[[ Source material, beginning ]]

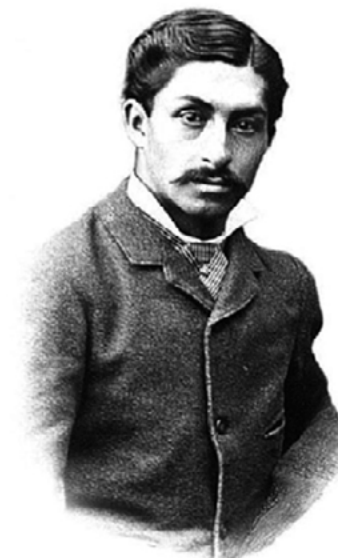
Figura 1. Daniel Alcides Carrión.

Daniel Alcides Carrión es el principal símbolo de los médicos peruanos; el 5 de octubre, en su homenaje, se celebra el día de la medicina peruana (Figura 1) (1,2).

[[ Source material, end ]]
[[ Source material, beginning ]]

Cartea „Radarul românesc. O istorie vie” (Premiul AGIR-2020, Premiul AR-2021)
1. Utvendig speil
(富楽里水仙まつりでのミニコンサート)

[[ Source material, end ]]

#### Task objective:
From the entries above, give again exactly the lines running from the line with "Figura 1. Daniel Alcides Carrión." to the line with "Daniel Alcides Carrión es"; include both of those lines.

#### Task response:
Figura 1. Daniel Alcides Carrión.

Daniel Alcides Carrión es el principal símbolo de los médicos peruanos; el 5 de octubre, en su homenaje, se celebra el día de la medicina peruana (Figura 1) (1,2).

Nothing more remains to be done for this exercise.